激光雷达可以按照不同的方法分类。如按照发射波形和数据处理方式,可分为脉冲激光雷达、连续波激光雷达、脉冲压缩激光雷达、动目标显示激光雷达、脉冲多普勒激光雷达和成像激光雷达等;根据安装平台划分,可分为地面激光雷达、机载激光雷达、舰载激光雷达和航天激光雷达;根据完成任务的不同,可分为火控激光雷达、靶场测量激光雷达、导弹制导激光雷达、障碍物回避激光雷达以及飞机着舰引导激光雷达等;然后根据线数图通,产品还分为2D、2.5D和3D三类。
二、 应用现状。
在具体应用时,激光雷达既可单独使用,也能够同微波雷达,可见光电视、红外电视或微光电视等成像设备组合使用,使得系统既能搜索到远距离目标,又能实现对目标的精密跟踪,是目前较为先进的战术应用方式。
- 军事方面。
地空导弹系统中用来指示目标的雷达,主要有脉冲雷达,脉冲多普勒雷达和连续波雷达。
脉冲雷达,这类雷达,苏军装备最多。除个别型号外,大多是五、六十代的产品,少数是七八十年代服役的。它们的工作效率较低,大都在E、F波段内,个别的在G/H波段。探测距离,近者为数十公里,一般为200公里,个别的可达500余公里,采用的抗干扰措施主要有,旁瓣抑制、快速自动增益控制、宽限窄、恒频警、脉冲重复频率跳变等。脉冲雷达从四十年代开始服役以来,各国都有不同数量地装备,是使用普遍、常见的一种雷达体制,探测距离较远,工作频率较低,但若和其他新式雷达配合使用起来,则可收到提高防空系统作战性能的效果,为了适应未来防空作战需要,脉冲雷达今后任将在不断发展新技术的过程中更加完善,脉冲雷达仍有着广阔的发展前景。
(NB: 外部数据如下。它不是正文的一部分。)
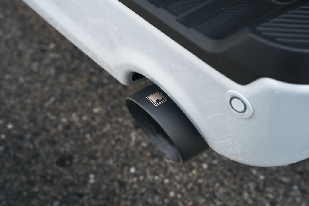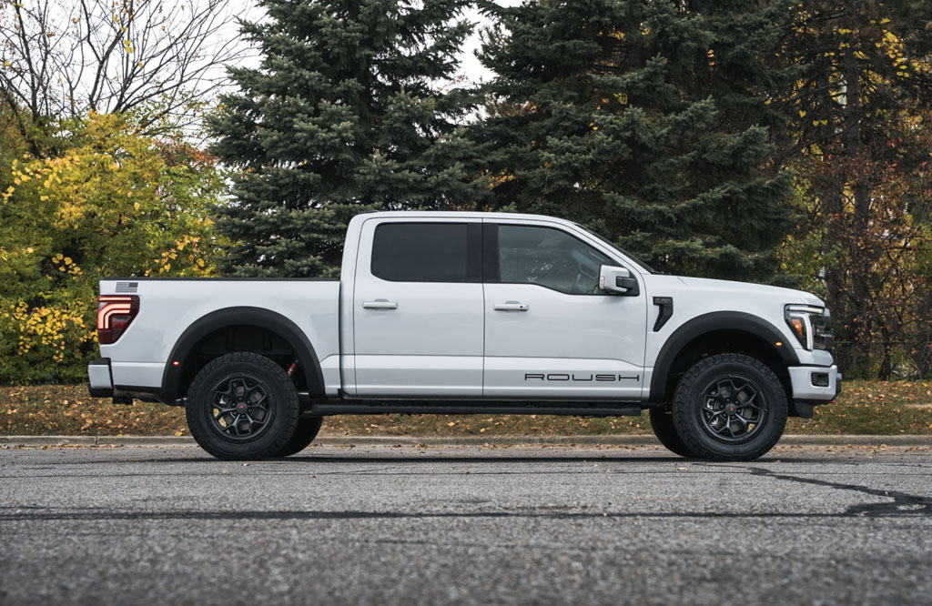 Inside, Roush keeps things subtle but special in the way enthusiasts usually prefer. You get aluminum pedal covers, a serialized dash badge, custom molded floor liners, and Roush touches that show up on the key fobs, hitch cover, and puddle lamps. Step up to the Premium Package and the truck gets even more utility-forward, adding amber auxiliary lighting up front and white lighting out back, along with an active exhaust system for the cat-back. There’s also an overhead auxiliary switch panel for your accessories, and carbon-fiber trim to elevate the cabin, with interior themes offered in Coffee Brown and Black or Raven Black.

脉冲多普勒雷达,近二十年来,脉冲多普勒雷达的发展较快,在近程地空导弹系统中的应用较多。脉冲多普勒雷达能准确测量目标的速度,其速度分辦能力是其它雷达所不及的,对地杂波的改善因子,可达五、六十分贝以上,具有良好的抗箔条与地物干扰性能。因此,脉冲多普勒雷达在地空导弹特别是近程地空导弹系能中的应用还逐渐增多。
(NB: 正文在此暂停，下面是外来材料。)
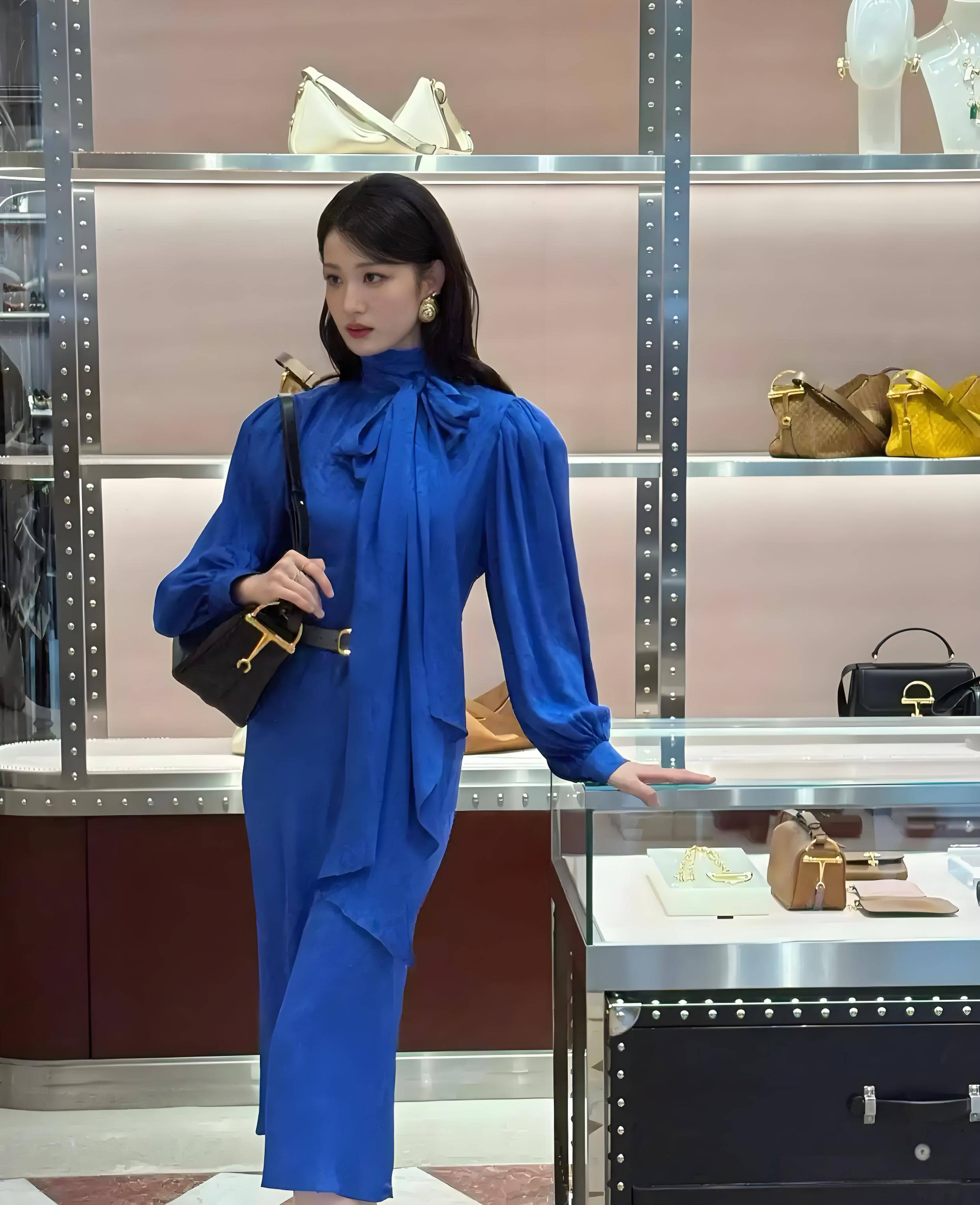 王楚然172cm的身高以及那立体的骨相,让她能够轻松地驾驭这款高难度的礼服。她穿上这条宝蓝色提花纱裙后,冷艳贵气中又透着摩登感,仿佛是从上世纪画报中走出来的美人,散发着一种独特的魅力。

地面防空导弹系统用的脉冲多普勒雷达,从技术方面看,大体经历了两个发展阶段。第一阶段是六、七十年代。这一阶段的脉冲多普勒雷达,适应探测低空固定翼飞机的需要,大多装有动目标指示器、恒虚警接收机,抗地物干扰和箔条干扰性能好,有的可变频工作,可抗瞄准式干扰,能同时向多个火カ单元传递3个目标的数据,作用距离在1.5~20公里内,探测概率大于或等于90%。第二阶段是进入八十年代以来,这一阶段的脉冲多普勒雷达在技术上已经成熟,主要特点是综合化,其天线多采用机械、电子相结合的扫描方式,采用固态元器件,可靠性更高,维护操作更简单。 - 环境方面。
2.1激光雷达技术的发展及其在大气环境监测中的应用
激光雷达由于探测波长短、波束定向性强,能量密度高,因此具有高空间分辨率、高的探测灵敏度、能分辨被探测物种和不存在探测盲区等优点,已经成为目前对大气进行高精度遥感探测的有效手段。利用激光雷达可以探测气溶胶、云粒子的分布、大气成分和风场的垂直廓线,对主要污染源可以进行有效监控。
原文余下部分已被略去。